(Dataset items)
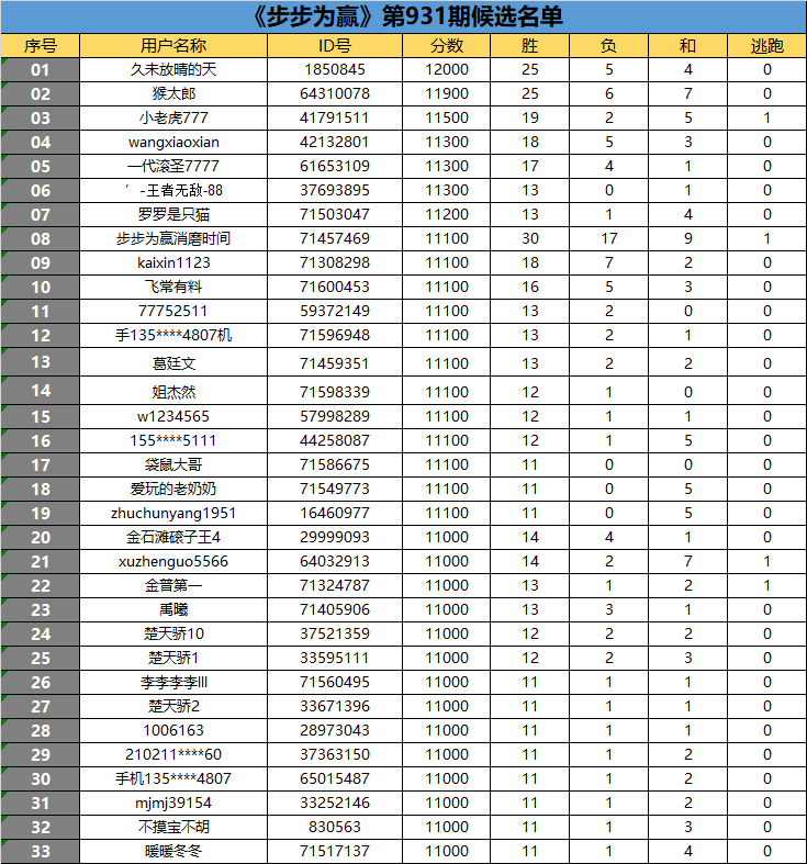 《步步为赢》第931期候选名单公布
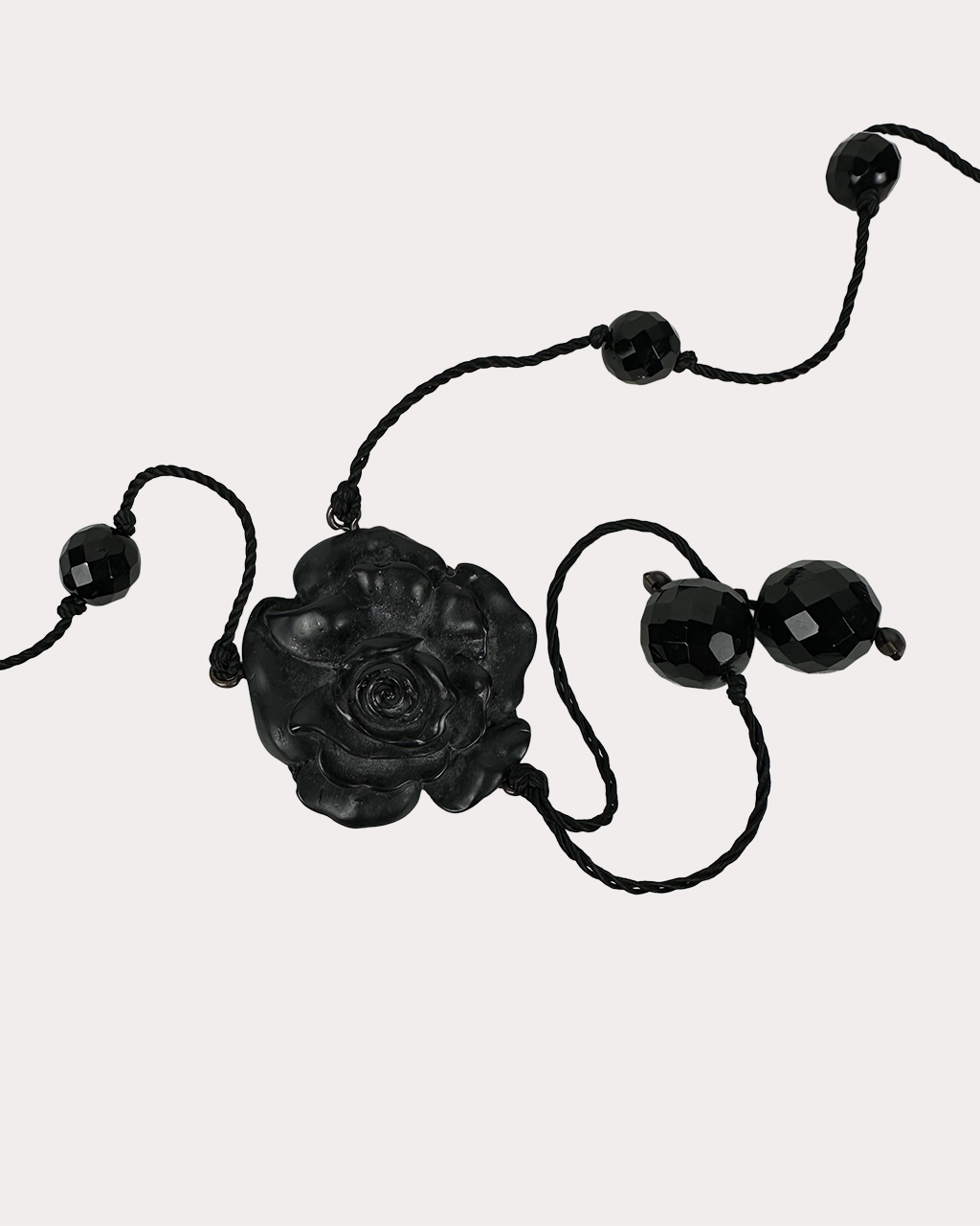 - 흑단(黑檀) 재질의 장미 펜던트와 크리스탈 구슬이 엮인 목걸이
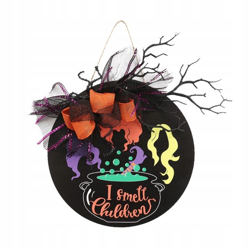 [Wzór] Ten Halloweenowy znak powitalny na drzwi wejściowe z elementami wzoru trzech sióstr czarownic i angielskimi literami, elegancki i stylowy. Ten wiszący znak doda koloru Twojemu domowi na imprezę Halloween i dekoracje nawiedzonego domu.
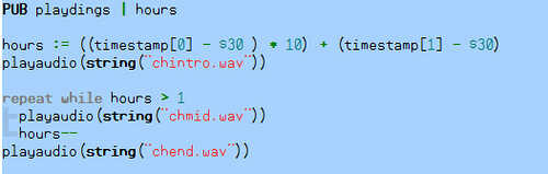 ¿Por qué marca de tiempo [3] == $30 en vez de marca de tiempo [3] == 0? Porque el objeto reloj de tiempo real devuelve la versión ASCII de cada numeral. Cuando timestamp [3] es igual a $30, es el carácter ASCII '0'. Cuando se pasa una hora, nos activan reproducción llamando al método playdings.
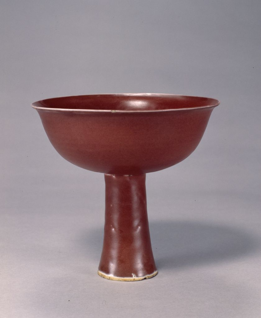 过去人们将这件红釉高足碗的年代定为元代,但随着文物考古工作的发展,新的资料不断出土,人们采用类型学的方法,从以往定为元代的瓷器中逐渐辨认出一大批属于明初洪武时期的官窑瓷器。这件红釉高足碗无论从造型、釉质还是从所饰云纹、龙纹的特征看,虽有元代风格,但又不尽相同。与元代同一类型的高足碗相比,其胎体变薄,碗的底部更瘦(香港大学冯平山博物馆:《景德镇出土陶瓷》,图版125香港大学冯平山博物馆出版,1992年)。特别是所饰云纹和龙纹,与南京明故宫遗址出土洪武官窑瓷片标本上的云纹、龙纹风格完全一致。因此,这件红釉高足碗的年代应定为明代洪武。1979年景德镇珠山曾出土这种洪武红釉高足碗的残片(香港大学冯平山博物馆:《景德镇出土陶瓷》图版188,香港大学冯平山博物馆出版,1992年)。
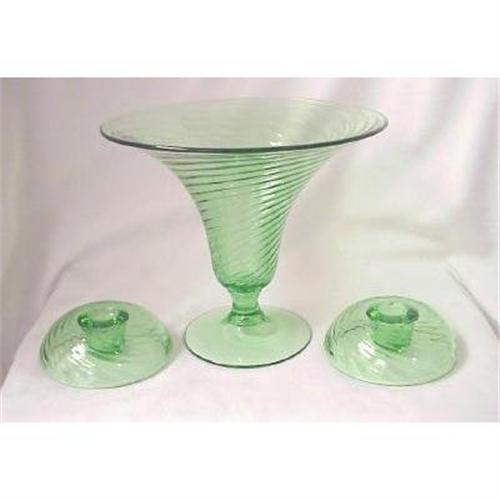 Bowl and Candleholders in Green Swirl Pattern by Fostoria. 1921-1929. Bowl 8 1/2" x 8", Candleholders 4 1/4" x 1 1/2". Excellent Condition.
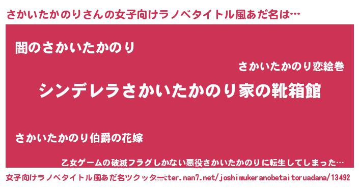 | 意味不明あだ名 | 『自称さかいたかのり』 |
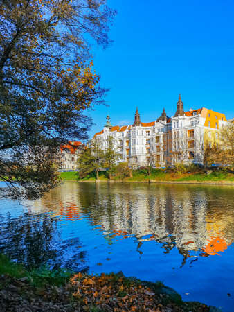 Wroclaw, Poland - November 13 2020: Small moat river near small park and promenade
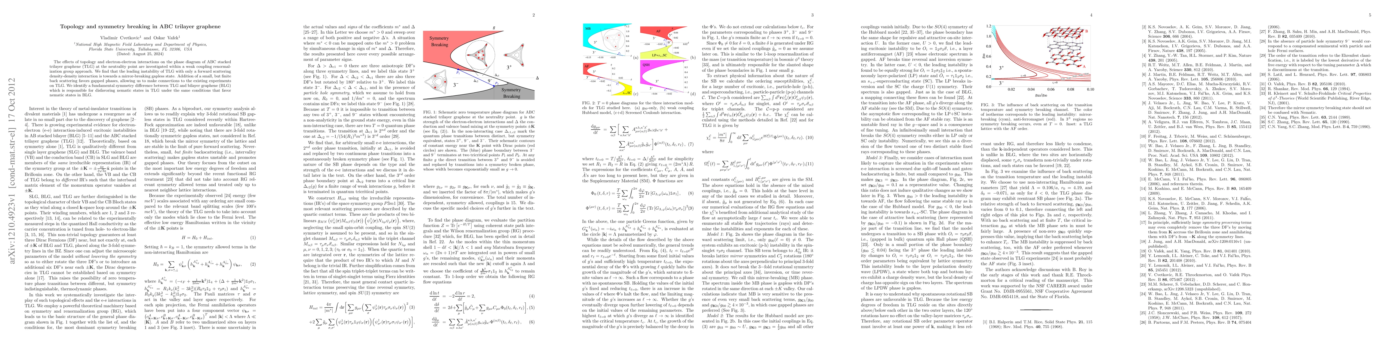 This study investigates how topology and electron-electron interactions influence the phase diagram of ABC trilayer graphene at the neutrality point, revealing a leading instability towards a gapless state with forward scattering. The addition of back scattering promotes gapped phases, and it identifies a fundamental symmetry difference that prevents nematic states in trilayer graphene compared to bilayer graphene.

> _PROMPT_
Restate the data word for word from its first line through the line with "[Wzór] Ten Halloweenowy", leaving out any picture along the way.

> _RESPONSE TO THIS TASK_
 《步步为赢》第931期候选名单公布
 - 흑단(黑檀) 재질의 장미 펜던트와 크리스탈 구슬이 엮인 목걸이
 [Wzór] Ten Halloweenowy znak powitalny na drzwi wejściowe z elementami wzoru trzech sióstr czarownic i angielskimi literami, elegancki i stylowy. Ten wiszący znak doda koloru Twojemu domowi na imprezę Halloween i dekoracje nawiedzonego domu.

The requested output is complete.